The Clothesline Swing, Danny Ramadan's first novel in English, draws inspiration from Arabian Tales of One Thousand and One Nights, as two lovers lament their separation from Syria. From the mountains of Syria, in the aftermath of the Arab Spring, the characters describe journeys through the valleys of Lebanon, the seas of Turkey and the heat of Egypt before reaching Canada. Hakawati, a storyteller, tells fables to his dying male partner. Meanwhile Death, a looming character in a dark house, shares a house with the two men, eavesdropping on their secrets.


The Clothesline Swing (Nightwood 2016) $19.95 978-0-88971-332-1

[BCBW 2016]

The Clothesline Swing (Nightwood Editions $19.95)
Review 2017

from Cherie Thiessen
The Clothesline Swing describes a series of escapes to reach freedom in Vancouver.

Ahmad danny ramadan had two collections of Arabic short stories under his belt, Death and Other Fools (2004), and Ary (2008), when he was among the first wave of 1,300 Syrian refugees who arrived in Canada in 2014.

His first book in English was a translation of texts by Saudi Arabian blogger, Raif Badawi, who was lashed for his criticisms of Saudi Arabian society, 1000 Lashes: Because I Say What I Think (2015).

An activist for refugees and LGBTQ communities, Ramadan served as grand marshal for last year’s Vancouver Gay Pride parade and his fundraiser, Evening in Damascus, raised $80,000 to assist Syrian refugees to come to Canada.
His first novel in English, The Clothesline Swing, is reviewed here by Cherie Thiessen.

“One of the dearest memories i have of my childhood,” says Ahmad Danny Ramadan, “is when I snunk onto a neighbouring rooftop and cut down the clotheslines and used them to build myself a swing on my family’s balcony.

“It didn’t last for long, and it fell down within days, but I really felt proud of it. It was always a joyful memory of mine that I built something out of something entirely different.”

The clothesline in Ramadan’s novel is a symbol that reflects one of the few times the sun got through; it’s a slice of his past life that sustains him. The clothesline swing is a refuge for his deeply troubled mother, and a reminder that life can be idyllic.

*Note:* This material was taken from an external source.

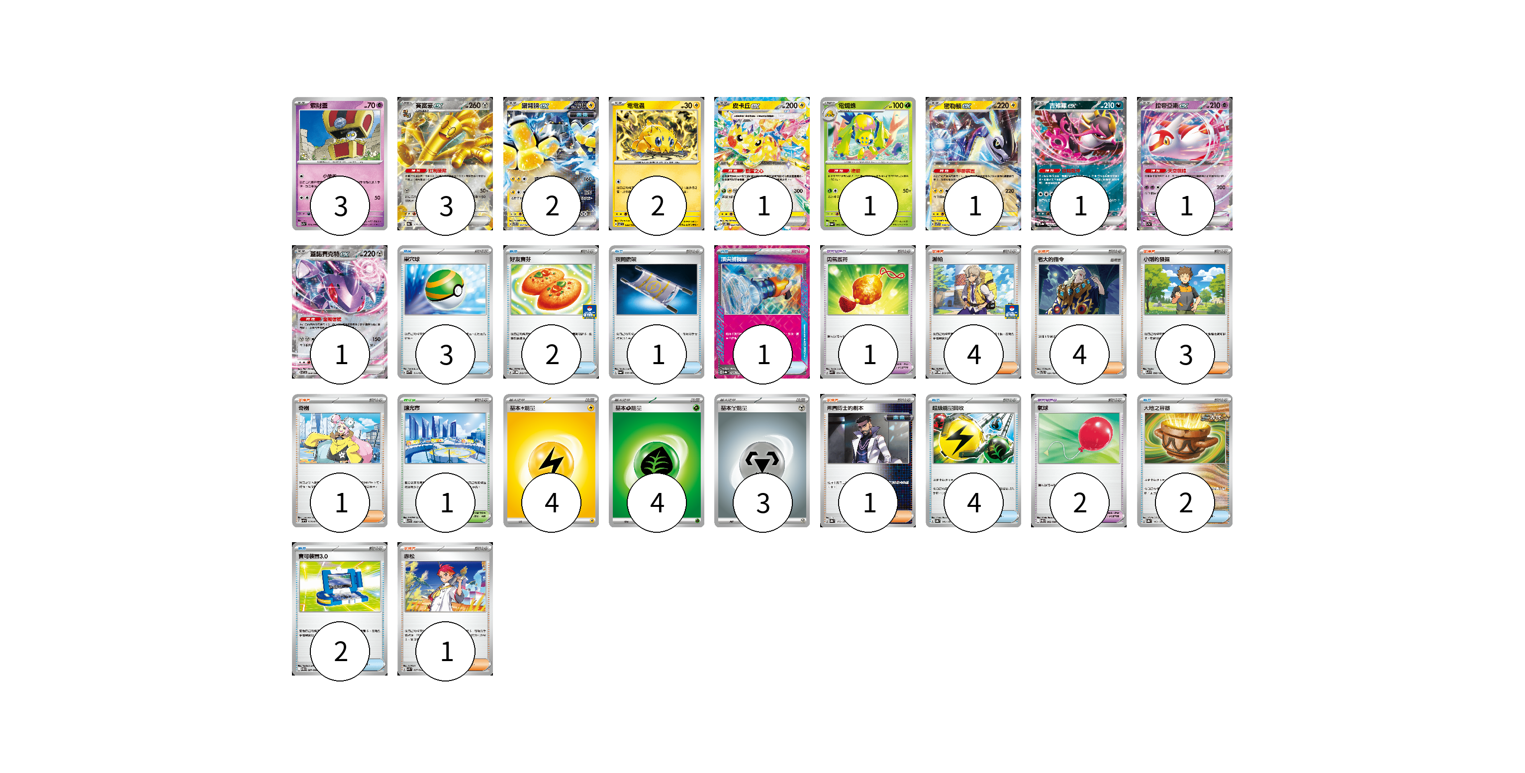 牌組構築方案 以此牌組為基礎新構築牌組 顯示卡面 顯示列表 寶可夢卡(16) 3 3 2 2 1 1 1 1 1 1 寶可夢道具(3) 1 2 物品卡(15) 3 2 1 1 4 2 2 支援者卡(14) 4 4 3 1 1 1 競技場卡(1) 1 能量卡(11) 4 4 3 寶可夢卡(16) 卡牌名稱 張數 卡牌名稱 張數 索財靈 SV7a 024/064 03 賽富豪ex SV8a 117/187 03 鐵臂膀ex SVTR 007/021 02 電電蟲 SV7 032/102 02 皮卡丘ex SV8 033/106 01 電蜘蛛 SV6a 002/064 01 密勒頓ex SVTR 008/021 01 吉雉雞ex SV8a 104/187 01 拉帝亞斯ex SV7a 019/064 01 蓋諾賽克特ex SV11B 069/086 01 寶可夢道具(3) 卡牌名稱 張數 卡牌名稱 張數 勇氣護符 SVK 024/042 01 氣球 SV11B 082/086 02 物品卡(15) 卡牌名稱 張數 卡牌名稱 張數 巢穴球 SVAW 014/023 03 好友寶芬 SV-P 212/SV-P 02 夜間擔架 SV6a 056/064 01 頂尖捕捉器 SV8a 148/187 01 超級能量回收 SV8a 141/187 04 大地之容器 SV8a 143/187 02 寶可裝置3.0 SV11B 081/086 02 支援者卡(14) 卡牌名稱 張數 卡牌名稱 張數 派帕 SV-P 213/SV-P 04 老大的指令 SVTL 021/021 04 小剛的發掘 SV9 096/100 03 奇樹 SVHM 018/022 01 弗圖博士的劇本 SV8a 175/187 01 赤松 SVK 027/042 01 競技場卡(1) 卡牌名稱 張數 卡牌名稱 張數 釀光市 SV9 098/100 01 能量卡(11) 卡牌名稱 張數 卡牌名稱 張數 基本雷能量 sv-p LIG 04 基本草能量 sv-p GRA 04 基本鋼能量 sv-p MET 03 以此牌組為基礎新構築牌組 牌組編碼 kxAMjg-CSTmDK-OpyViN copy 列印牌組單 牌組編碼已複製 分享至SNS

“On the balcony,” recalls the narrator Hakawati, “my father built her a swing using old clotheslines and an abandoned pillow… every morning my mother sat on the pillow...enjoying the warmth of the sun as it filled Damascus with life…She used to pick me up in her arms in the early afternoon hours, sit me on the clothesline swing and push me higher.”

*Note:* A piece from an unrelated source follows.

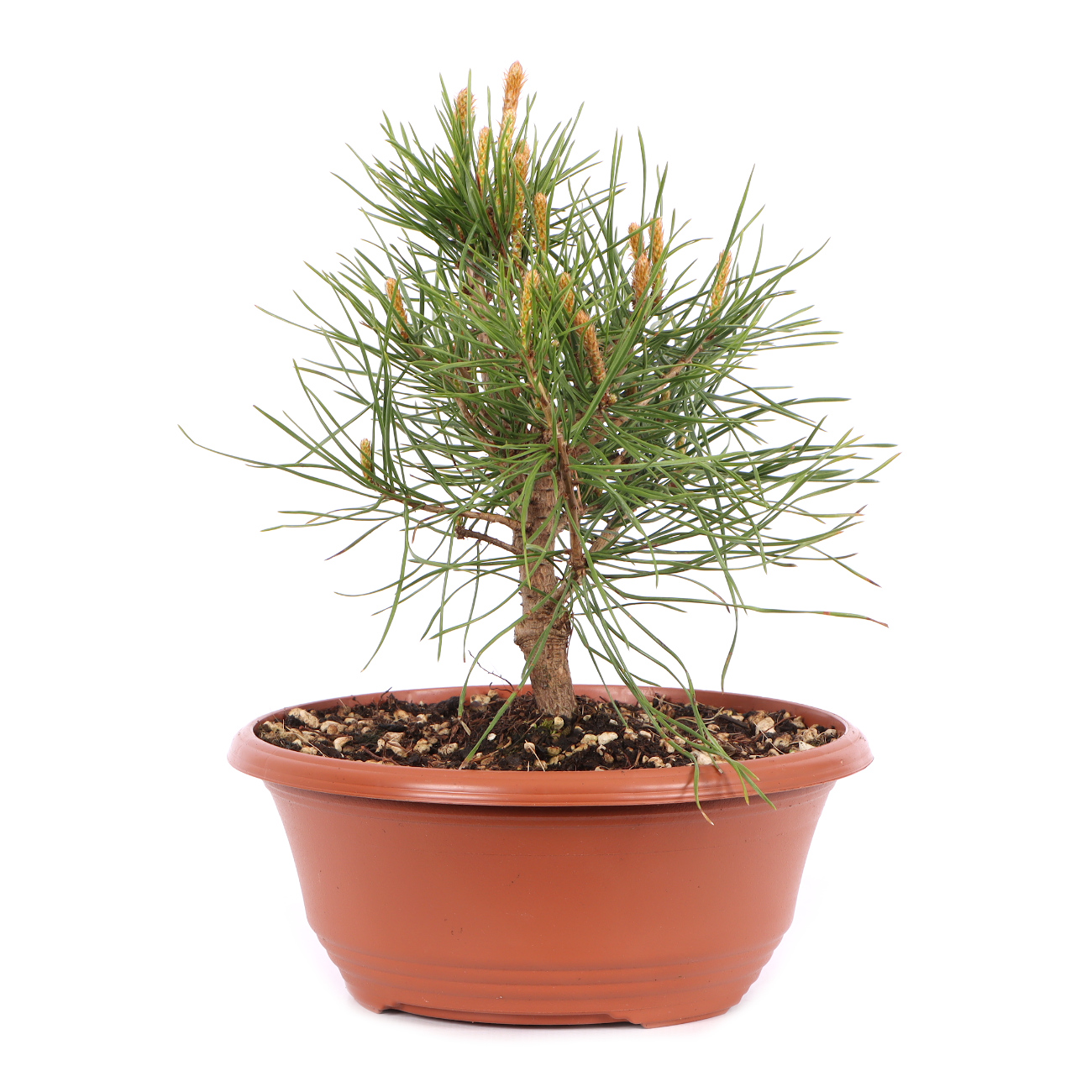 Die Waldkiefer ist durch ihre Anspruchslosigkeit und Robustheit besonders gut für die Bonsaikultur geeignet. Sie ist schnittverträglich und bietet viele gestalterische Möglichkeiten. Als Bonsai strahlt sie durch ihren derben Charakter viel Kraft aus. Andererseits zeigt die gestaltete Kiefer im Vergleich zu Laubbäumen wenig Veränderung und vermittelt dem Betrachter dadurch im Jahresverlauf viel Ruhe. Eine gestaltete Kiefer ist im Grunde sehr pflegeleicht. Die neuen Triebe (Kerzen) werden im Mai eingekürzt bzw. mit den Fingern gebrochen und zu dichte Astpartien werden im Spätsommer ausgelichtet. Im Sommer ist ein sonniger Standort sehr von Vorteil. Kiefern sollten nicht zu nass gehalten werden. Bei langen Regenperioden empfiehlt es sich die Pflanze sogar unter ein Dach zu stellen. Drahten und Gestalten kann man das ganze Jahr über. Dies sollte aber nicht mit dem Umtopfen Anfang September zusammen fallen. Außerdem muss die Pflanze nach der Gestaltung am besten frostfrei stehen. Bei dem Substrat verwendet man eine strukturstabile, luftige Mischung und achtet auf das Vorhandensein von Mykorrhiza-Pilzen. Man erkennt den Pilz an einem gleichmäßigen, feinen und weißen Belag, der die Wurzeln umhüllt und im Optimalfall die ganze Erde durchzieht. Kiefern sind sehr frosthart. Trotzdem sollten sie im Winter vor trockenen Winden geschützt werden.

Life becomes a nightmare for Hakawati (Arabic for storyteller) when his mother becomes bi-polar. Scars from these abusive years will never fade. The love between his father and his mother fades. His mother’s illness grows and his father’s interest in the family dwindles until he is rarely there, leaving the narrator to endure years of fear for his life.
After Hakawati unsuccessfully runs away, his father takes him to his grandmother’s home where he comes to love her as a surrogate parent. His grandmother manages to squeeze enough affection out of her already busy family life to sustain her grandson.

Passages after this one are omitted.